I intend to do a series of pieces on cleaning up the Latin American market, and I think it’s useful to begin here, as I’ve heard intelligent, well-informed reporters broach the possibility of “getting rid of the buscones.” A better start may be to get rid of the term buscón.

In my experience, the only Dominicans who use the word are past or present employees of the American baseball industry. When your man on the street wants to talk about the men who scout, train, and negotiate on behalf of amateur baseball players, they typically use respectful phrases like trainer, coach, or adviser. (When Ynoa signed last July 2, one Santo Domingo newspaper went so far as to describe Edgar Mercedes as Ynoa’s mentor.)

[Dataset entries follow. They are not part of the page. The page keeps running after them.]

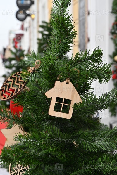 Елка на улице, украшенная елочными игрушками. Украшение к Новому году и Рождеству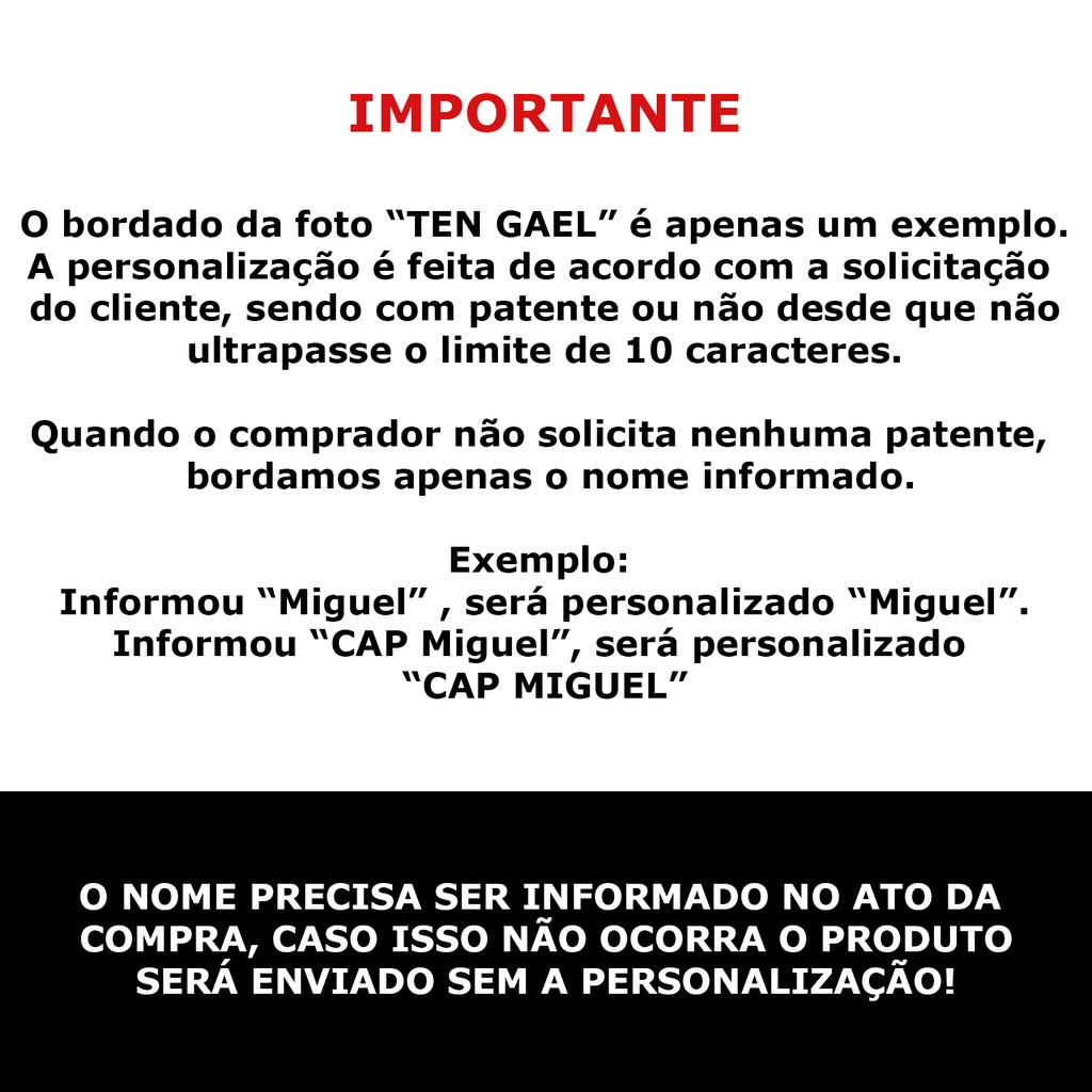 Lindo macacão camuflado personalizado com o nome do seu bebê em um sutache militar. ------------------------------- PERSONALIZAÇÃO ------------------------------- - Por ser roupa de bebê o sutache é pequeno, para melhor nitidez no bordado recomendamos até 10 caracteres. No caso de nome composto que ultrapasse 10 caracteres é necessário abreviar. - A personalização é feita de acordo com a solicitação do cliente, sendo com patente ou não, desde que não ultrapasse o limite de 10 caracteres. (Ex. Informou "MIGUEL", será personalizado "MIGUEL". Informou "CAP MIGUEL", será personalizado "CAP MIGUEL") * IMPORTANTE: O nome do bebê deve ser informado no momento da compra! Caso isso não ocorra, o macacão será enviado sem nenhuma personalização. ---------------------------------------------------------------------------------------------- Marca: Oncinha Bebê Composição: Meia Malha 100% Algodão Tamanhos: RN: (00 à 01 mês) P: (02 à 03 meses) M: (03 à 06 meses) G: (06 à 09 meses) Medidas (do ombro à ponta do pé) RN: Comprimento 50cm x Largura 26cm P: Comprimento 54cm x Largura 27cm M: Comprimento 59cm x Largura 31cm G: Comprimento 63cm x Largura 31cm Observação: Nos reservamos o direito de não aceitar troca ou devolução de produtos personalizados, tendo em vista que o mesmo não poderá ser enviado para outro cliente (Código do Consumidor).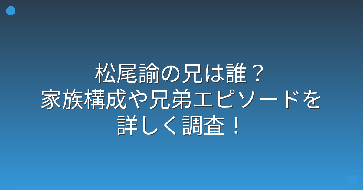 そこで今回は、松尾諭さんの兄について、家族構成や兄弟エピソードを詳しく見ていきましょう!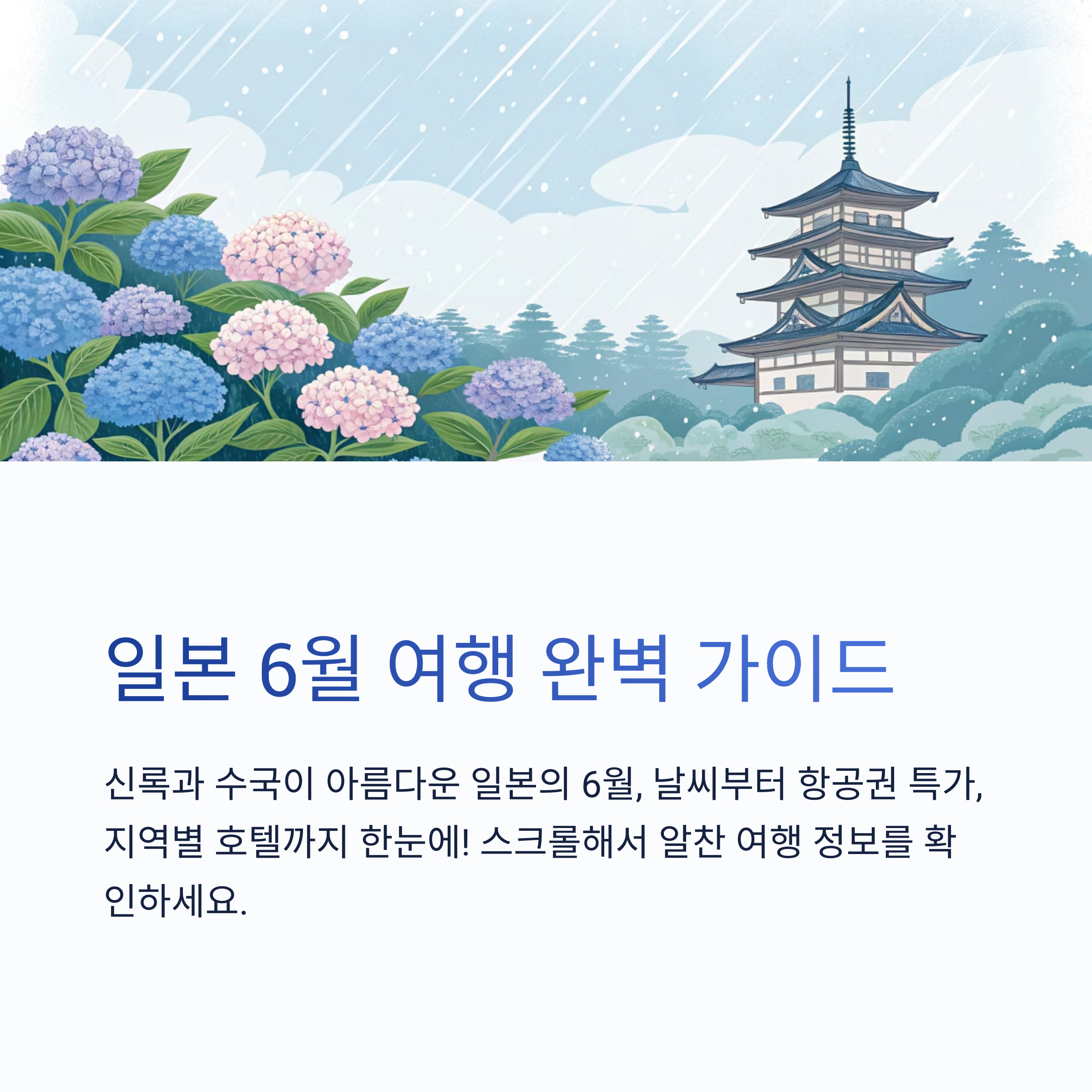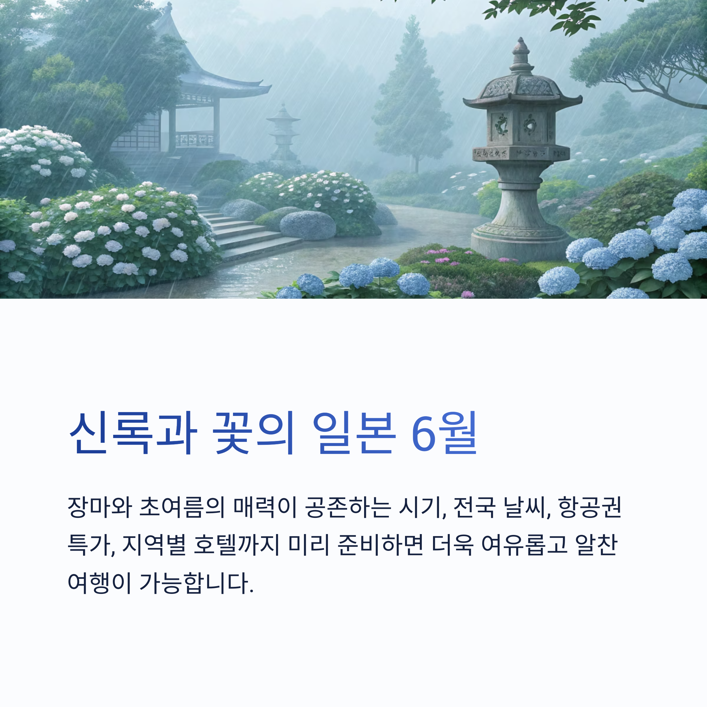 6월의 일본은 신록과 수국, 장마와 초여름의 활기가 공존하는 계절입니다. 여행 전 꼭 알아야 할 일본 6월 전국 날씨와 항공권 특가 정보, 도쿄·오사카·교토·후쿠오카 등 지역별 호텔 가이드를 한눈에 정리했습니다. 실전 여행 준비에 바로 도움이 되는 최신 정보를 꼼꼼하게 안내합니다.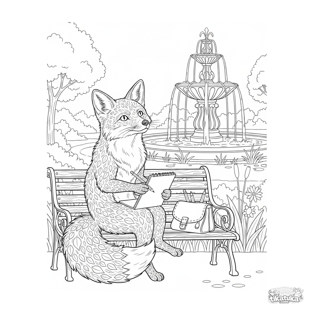 Detailliertes Ausmalbild für Kinder von 10-12 Jahren: Ein realistischer Fuchs sitzt auf einer Parkbank und zeichnet eine Landschaft.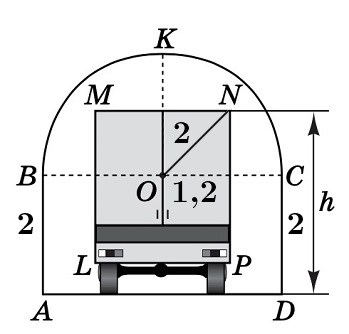 $$ h=CD+NE=2+1\mathord{,}6=3\mathord{,}6\ \textit{м}. $$При значенні \(3\mathord{,}6\) м вантажівка дотикається арки, тому максимально можливе значення – \(3\mathord{,}5\) м.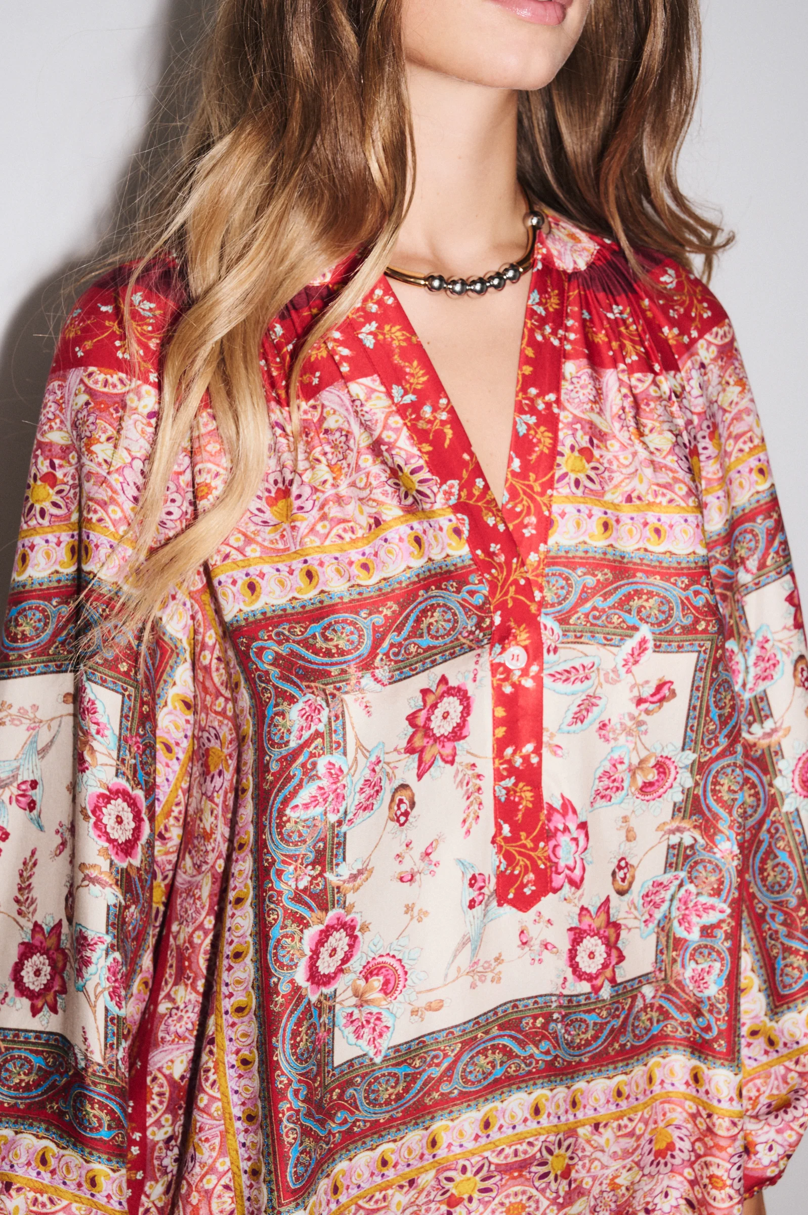 Cette tunique manches longues, en tissu fluide imprimé Made in Como, allie confort et sophistication. Ses manches bouffantes, ses poignets élastiqués, les fronces au col et au bas, ainsi que l’encolure ouverte avec bouton nacré apportent de la légèreté et du mouvement à la silhouette.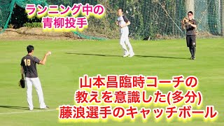 ブルペンでは臨時コーチとして阪神投手陣を指導中の山本昌氏と対面。「カメラは追いかけてくるだろうけど、抜くところは抜いて、絶対に無理をしないように」と激励の言葉を受けた。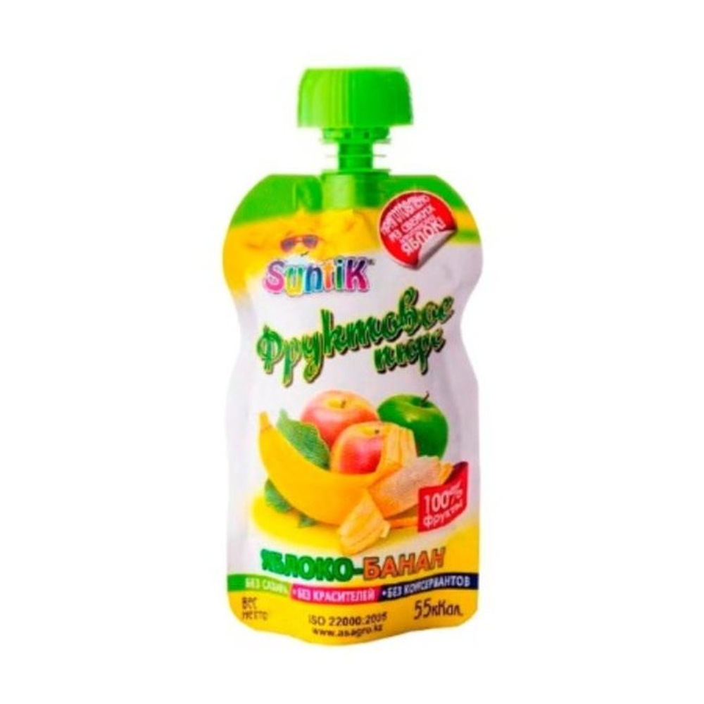 Пюре «Фруктовое SunTik Яблоко-Банан» представлено в пауч-упаковке объемом 100 миллилитров. Это детское питание, рекомендованное для детей старше 4 месяцев. Состав включает в себя яблоки и бананы, без добавления других ингредиентов.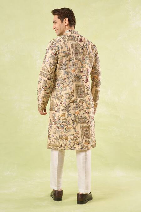 All-over thread motif embroidery on kurta, Dupion silk fabric for pants, Classic kurta silhouette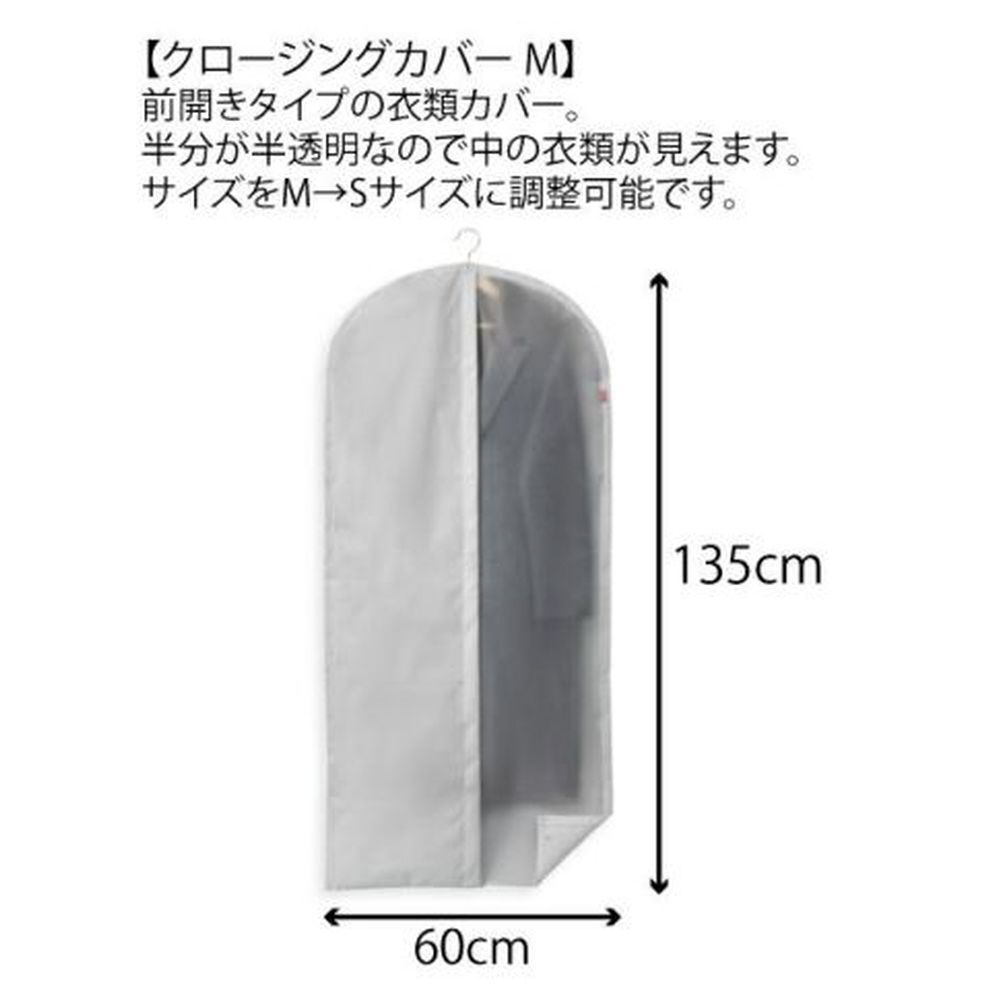 半分が半透明なので中の衣類が見える衣類カバーです。サイズをM→Sサイズに調整可能です。マチ付きで、衣服を入れやすい。通気性がよく、衣類を守ります。
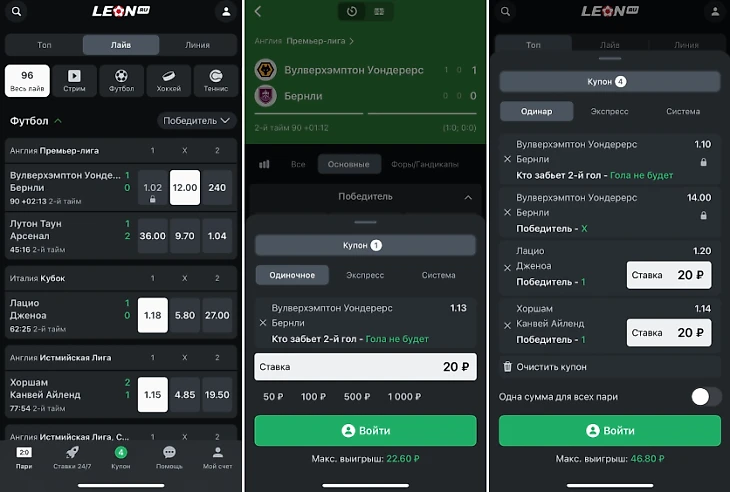 При положительном балансе игроки могут совершать ставки. В приложении «Леон» доступны три вида ставок: одинар, экспресс и система. Выбрать вид можно в купоне.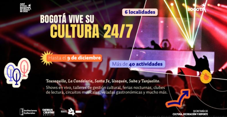 La Secretaría Distrital de Cultura, Recreación y Deporte impulsa la estrategia Territorios Vivos 24/7, una iniciativa que fortalece la vida cultural nocturna en Bogotá mediante 20 circuitos culturales activos entre 2024 y 2027. Como parte de esta apuesta, la ciudad cuenta hasta el 9 de diciembre con una agenda de más de 40 actividades que incluyen recorridos nocturnos, talleres, ferias, shows en vivo, laboratorios creativos, clubes de lectura y veladas gastronómicas en las localidades de Usaquén, Santa Fe, La Candelaria, Suba y Tunjuelito.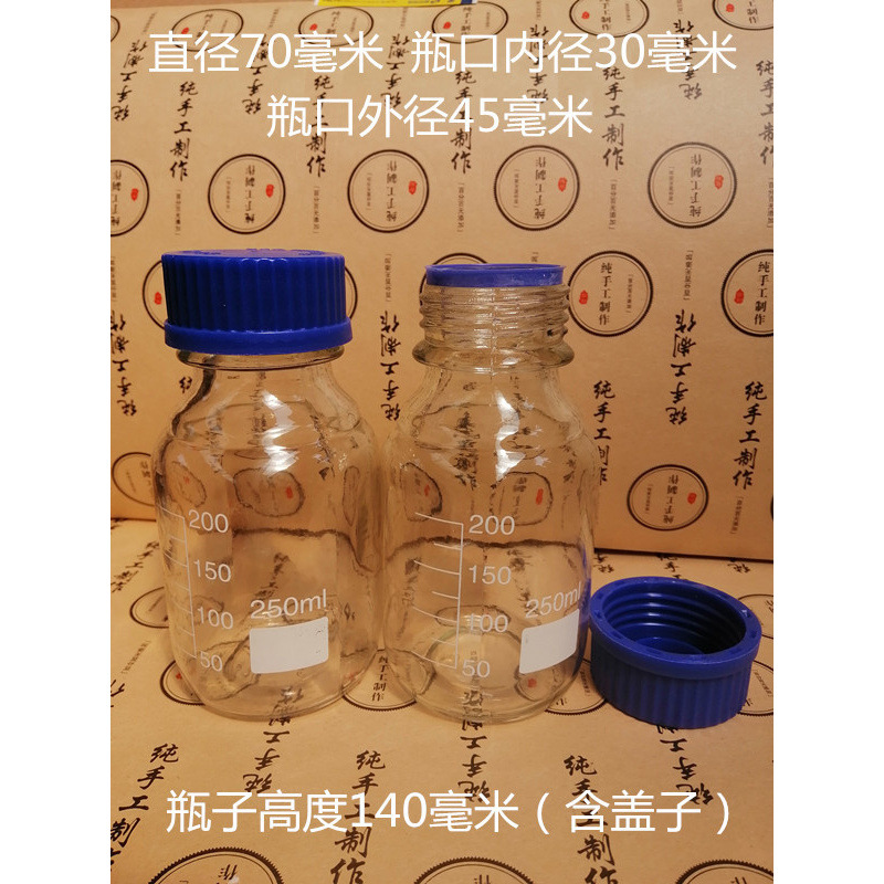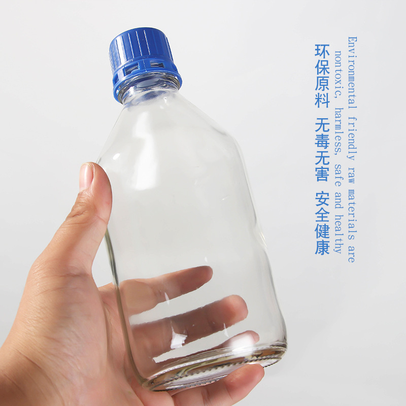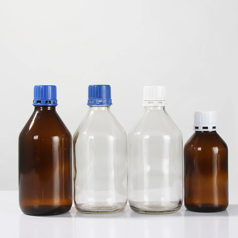 Синяя крышка вакуумная бутылка коричневый лабораторный образец бутылка стеклянная бутылка экспериментальная бутылка винт герметичный химический реагент

Meanwhile, when baseball people use the word, they tend to do so derisively. The derision may be rooted in the days when Dominican prospects rarely earned even five-figure bonuses, when the advisers were working for something closer to tip money. I also understand it hierarchically: the club employees are insiders and like to remind everyone that the advisers are not.

But the bonuses paid to Latin American prospects have exploded, and the advisers have become increasingly professional. While they have been in the middle of the scandals that periodically shake the baseball world, they perform two absolutely vital functions: They train young athletes, helping them develop the skills and physicality to play pro baseball, and they negotiate with clubs on behalf of the prospects. You might as well get rid of high school baseball coaches and player-agents.

For fifty or so years Latin America has been the Wild West of baseball’s talent market, and cleaning it up is going to mean establishing structure where there has been little. Doing so will not be easy, and MLB will need what help it can get. It would be wise to recognize advisers as partners, rather than annoyances: as men who care deeply for the boys that they train, and who are heavily invested in the success of the Latin American game.

(Photo: Advisers watching a tryout at Baseball City. They were a nervous bunch, toyed with their cell phones incessantly and mostly did not talk to each other. As a group, they gave off the vibe of sports, or hustlers. And yet I found the advisers I met possessing of deep and solemn concern for the well-being of their players.)